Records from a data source
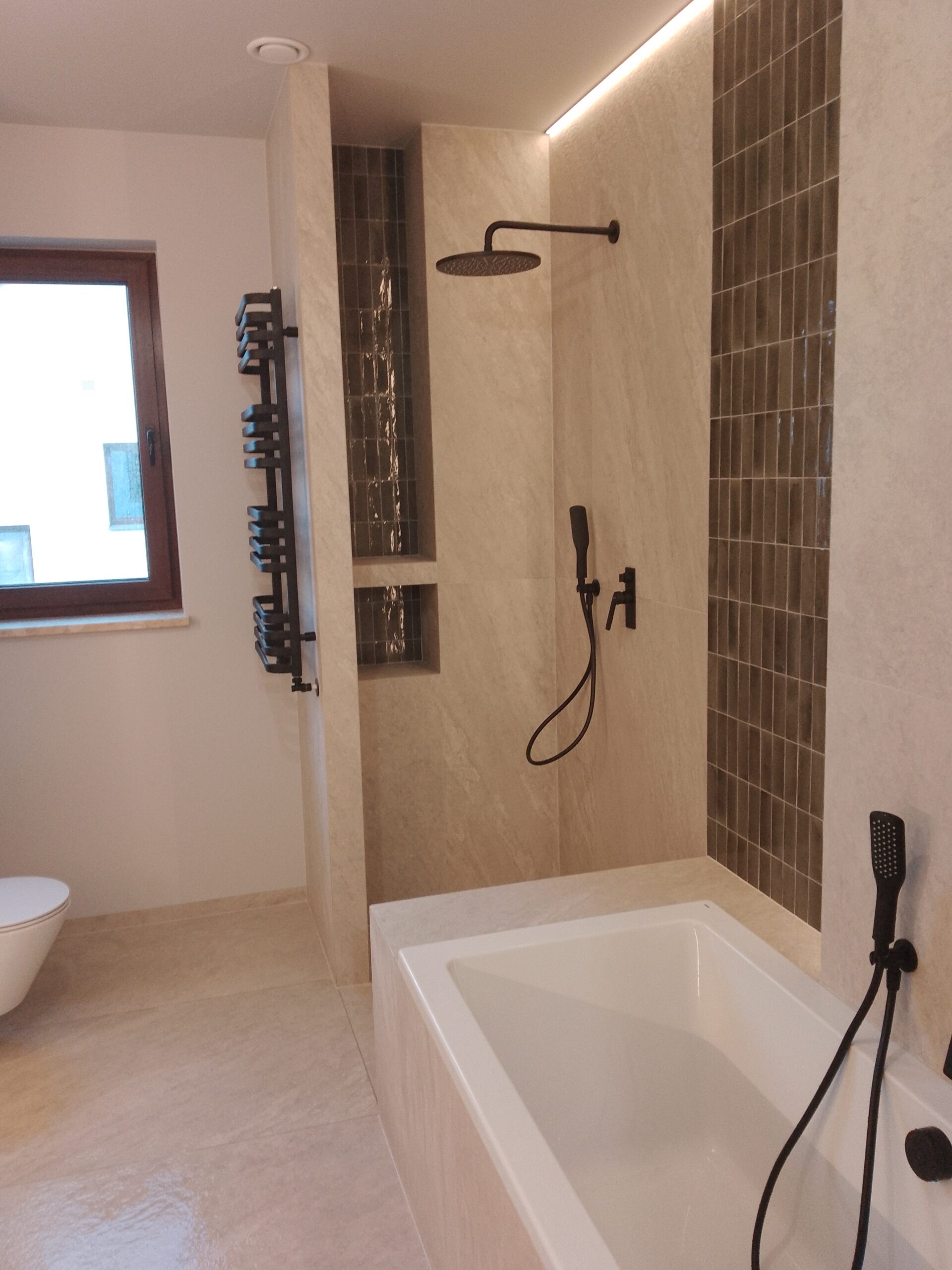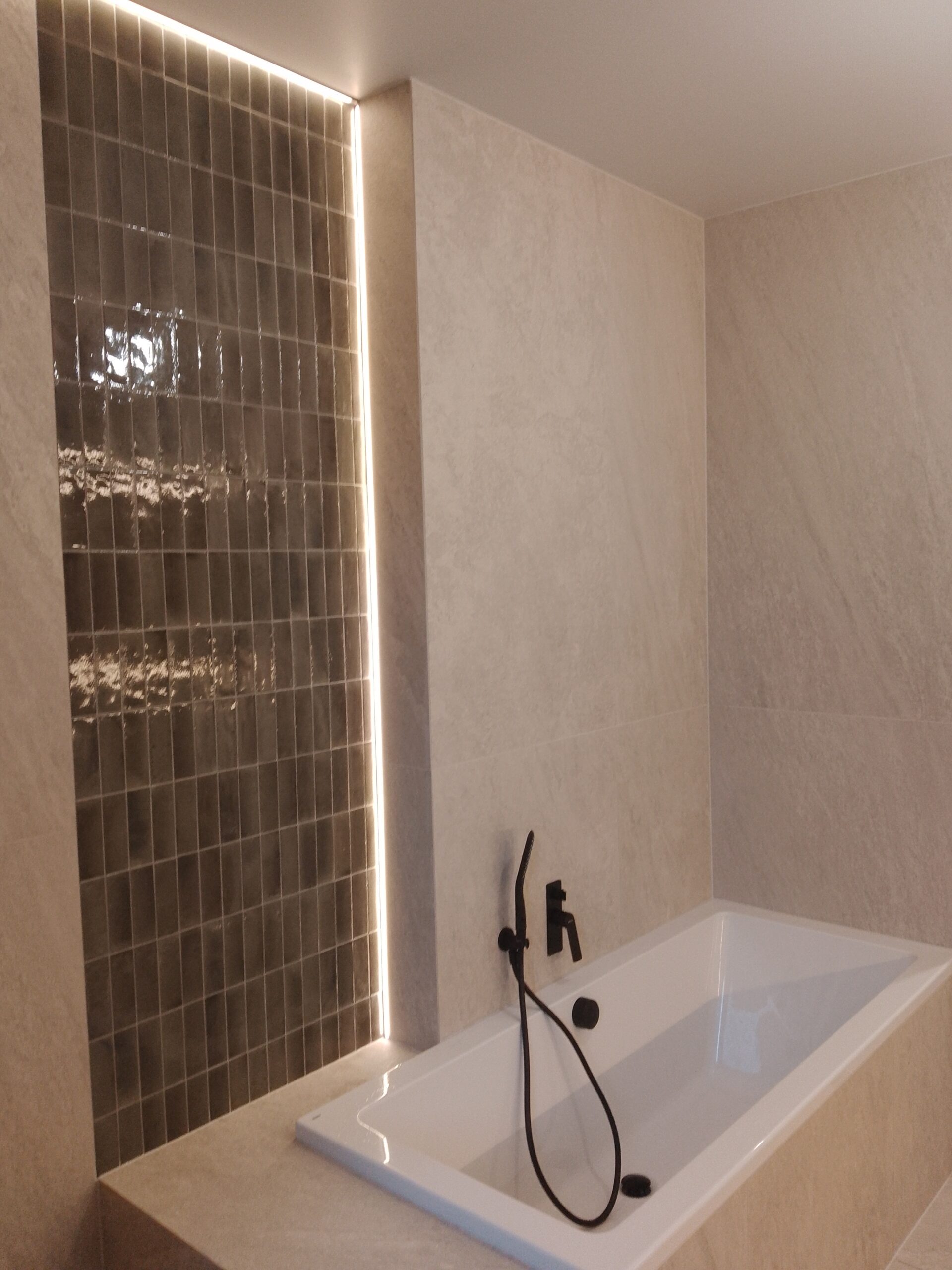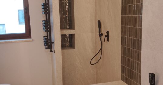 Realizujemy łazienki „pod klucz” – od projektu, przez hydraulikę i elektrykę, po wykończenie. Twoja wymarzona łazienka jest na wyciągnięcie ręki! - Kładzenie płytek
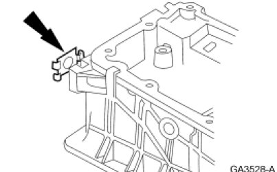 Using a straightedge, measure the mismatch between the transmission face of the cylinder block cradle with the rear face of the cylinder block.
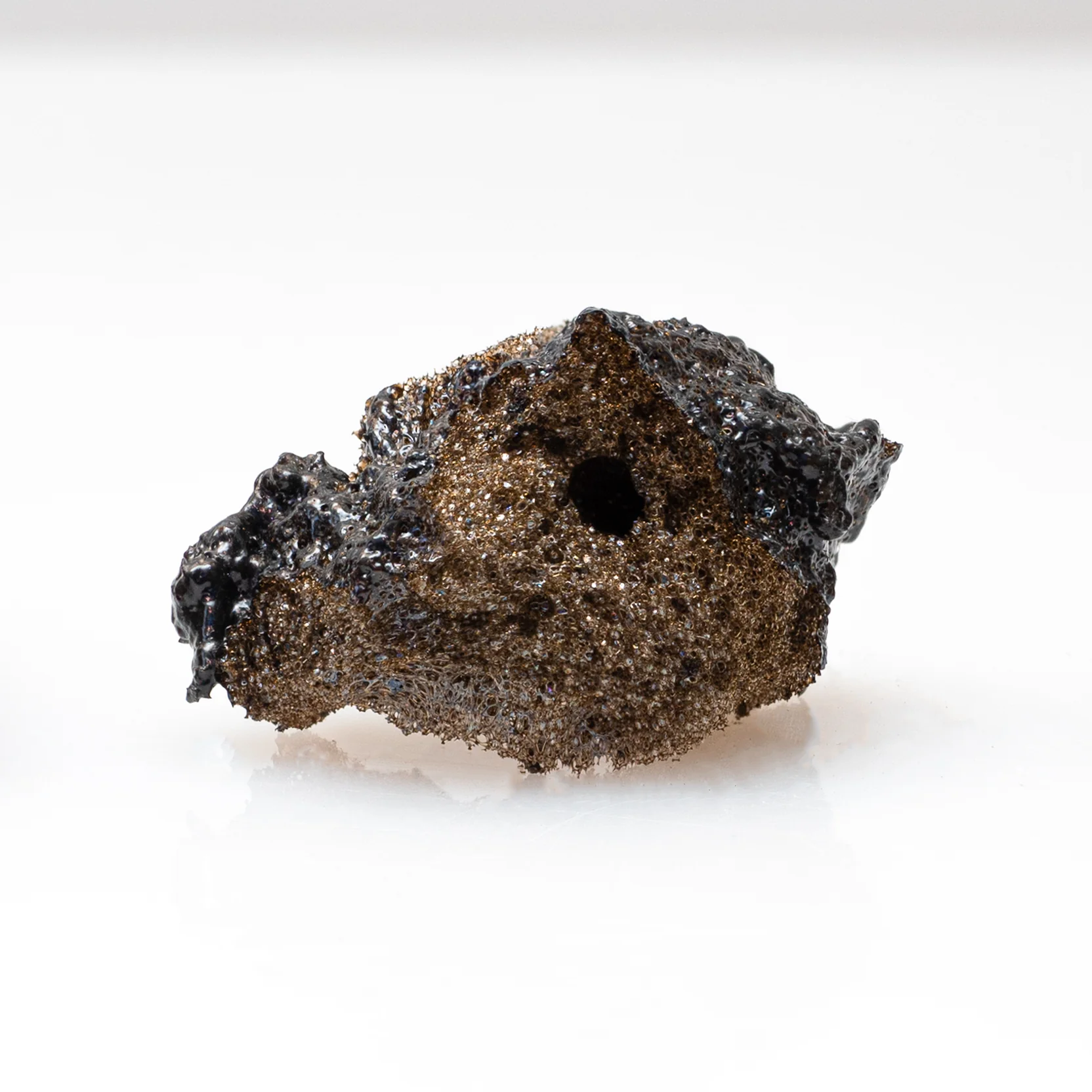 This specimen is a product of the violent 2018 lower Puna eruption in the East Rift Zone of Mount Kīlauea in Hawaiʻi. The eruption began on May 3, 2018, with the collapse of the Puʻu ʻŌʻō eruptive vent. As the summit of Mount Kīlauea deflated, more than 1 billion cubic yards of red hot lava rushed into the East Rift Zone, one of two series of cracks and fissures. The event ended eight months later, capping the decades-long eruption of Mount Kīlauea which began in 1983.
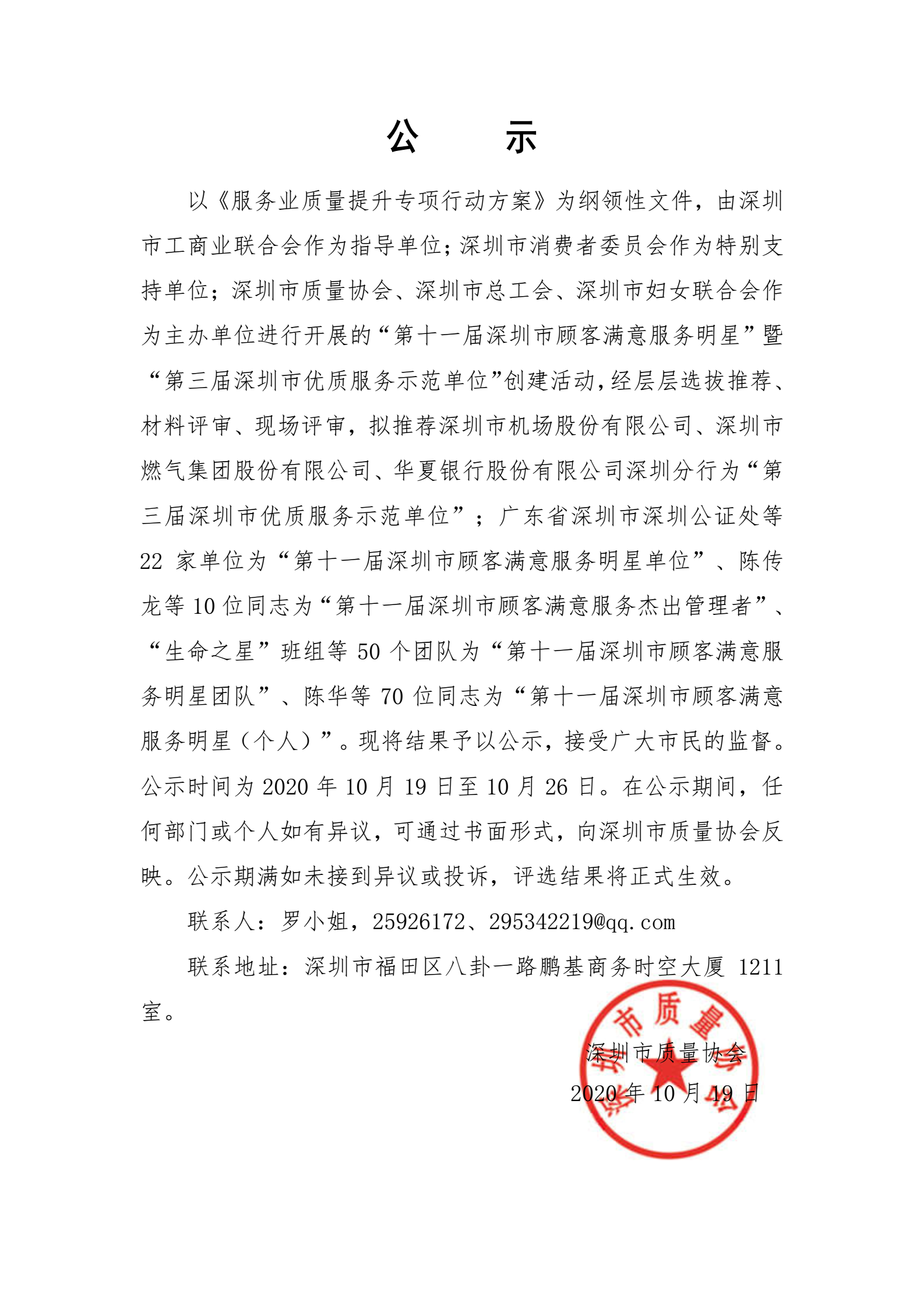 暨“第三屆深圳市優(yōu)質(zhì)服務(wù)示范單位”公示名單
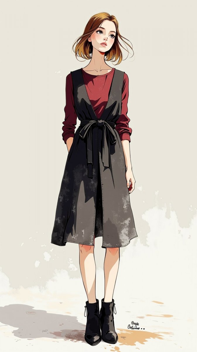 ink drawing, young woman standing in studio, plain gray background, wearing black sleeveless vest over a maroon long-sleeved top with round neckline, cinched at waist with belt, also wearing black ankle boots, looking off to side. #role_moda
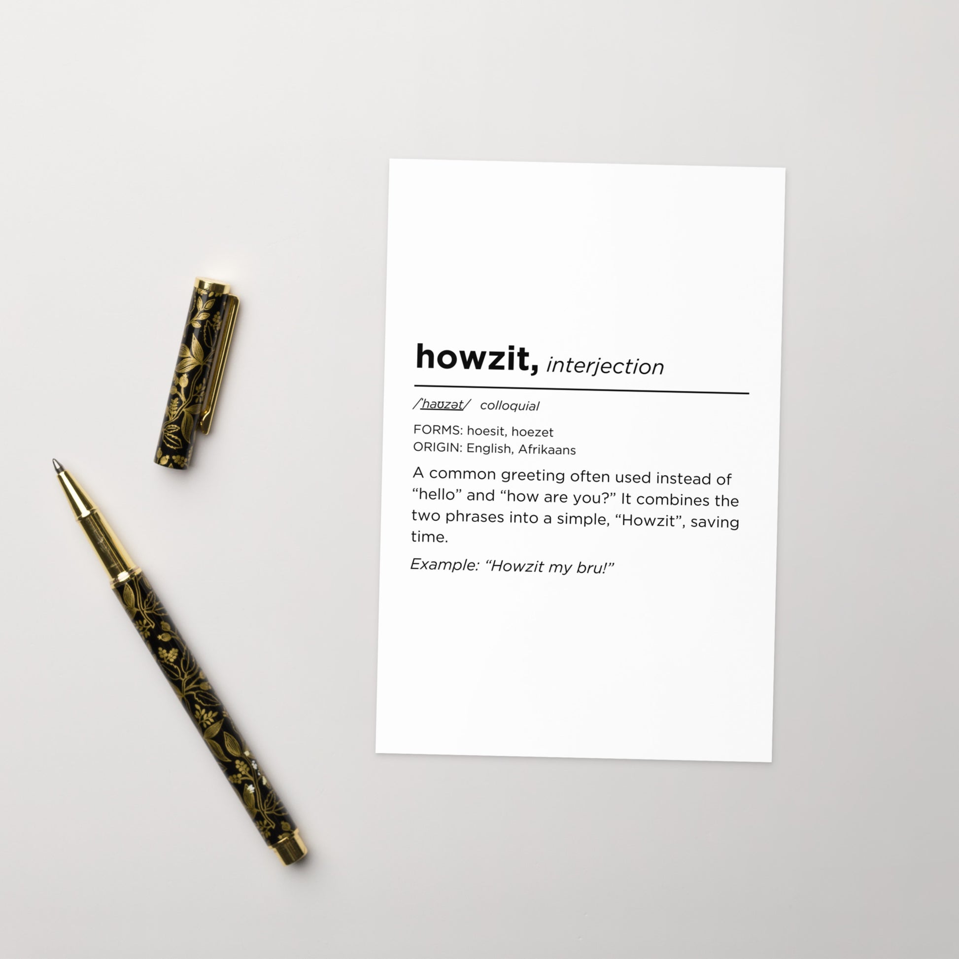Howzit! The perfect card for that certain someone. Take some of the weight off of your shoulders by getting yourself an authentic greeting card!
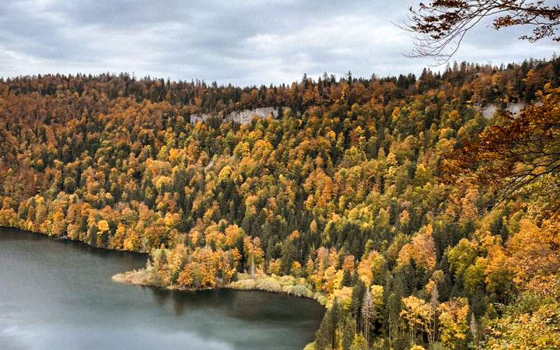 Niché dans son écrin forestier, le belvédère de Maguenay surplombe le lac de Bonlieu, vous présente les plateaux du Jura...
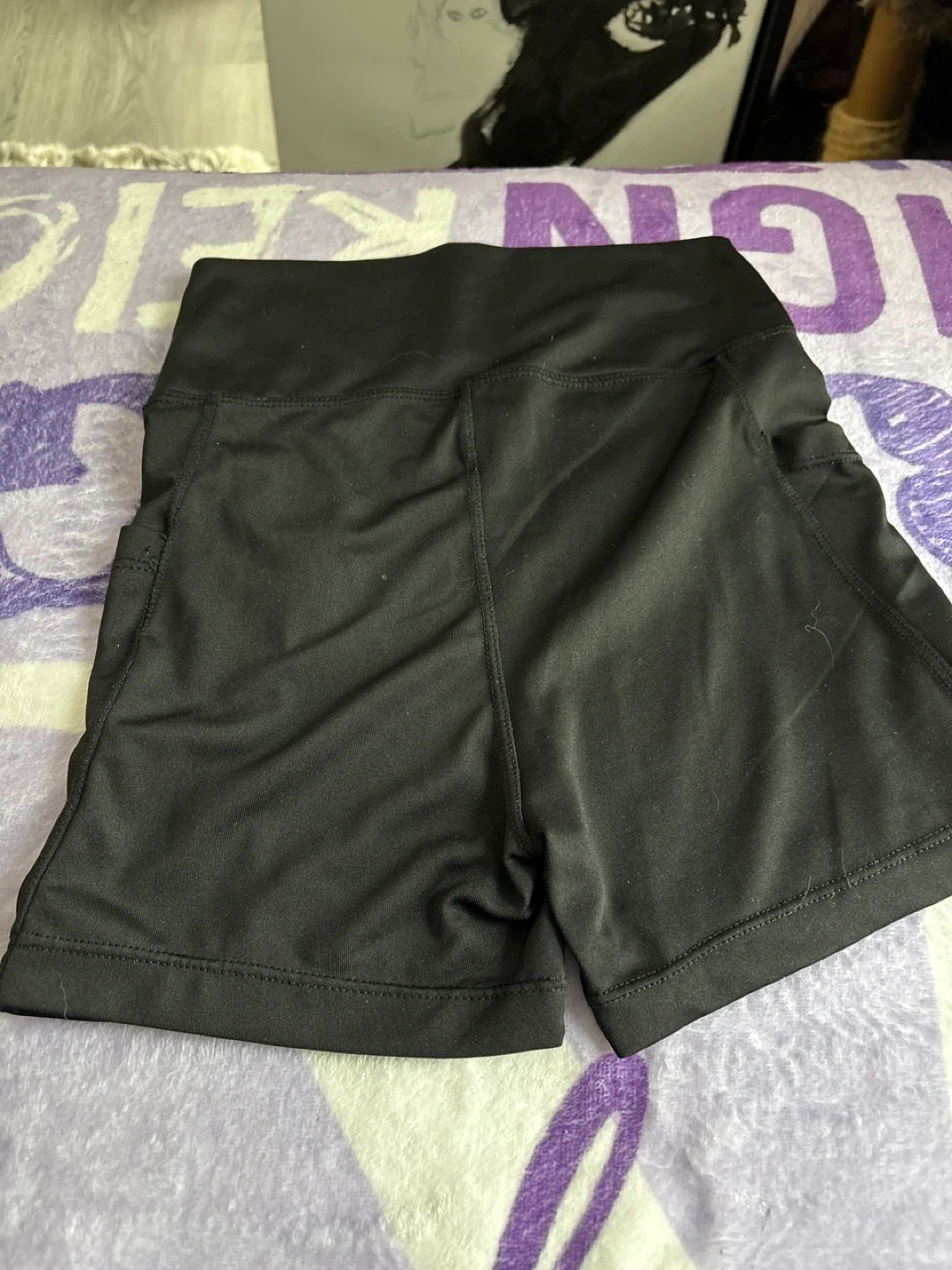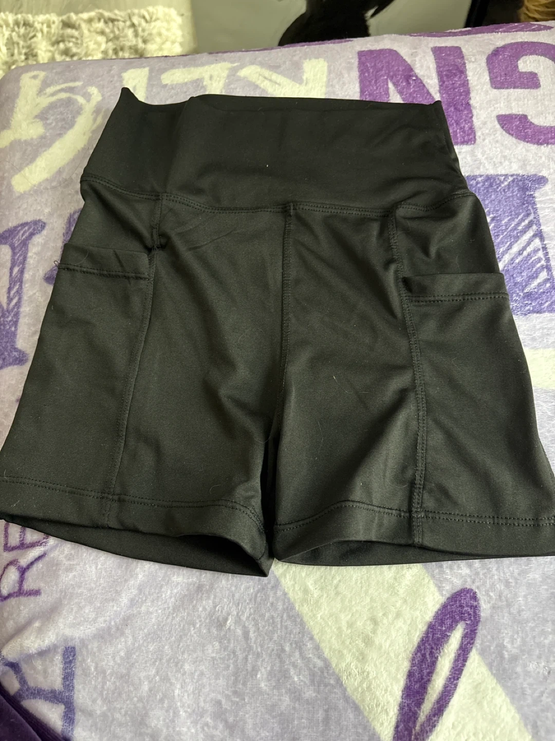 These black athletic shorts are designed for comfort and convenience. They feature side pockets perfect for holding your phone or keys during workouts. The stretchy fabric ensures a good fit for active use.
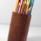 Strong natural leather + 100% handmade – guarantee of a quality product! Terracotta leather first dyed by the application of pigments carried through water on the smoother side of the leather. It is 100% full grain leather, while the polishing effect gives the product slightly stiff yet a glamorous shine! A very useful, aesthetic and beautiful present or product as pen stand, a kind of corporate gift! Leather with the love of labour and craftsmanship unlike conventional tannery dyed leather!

TASK DIRECTIONS: What should come back is an exact copy of the lines above from the line with "This specimen is" to the line with "ink drawing, young", both included, minus the pictures.

WRITTEN RESPONSE:
 This specimen is a product of the violent 2018 lower Puna eruption in the East Rift Zone of Mount Kīlauea in Hawaiʻi. The eruption began on May 3, 2018, with the collapse of the Puʻu ʻŌʻō eruptive vent. As the summit of Mount Kīlauea deflated, more than 1 billion cubic yards of red hot lava rushed into the East Rift Zone, one of two series of cracks and fissures. The event ended eight months later, capping the decades-long eruption of Mount Kīlauea which began in 1983.
 暨“第三屆深圳市優(yōu)質(zhì)服務(wù)示范單位”公示名單
 ink drawing, young woman standing in studio, plain gray background, wearing black sleeveless vest over a maroon long-sleeved top with round neckline, cinched at waist with belt, also wearing black ankle boots, looking off to side. #role_moda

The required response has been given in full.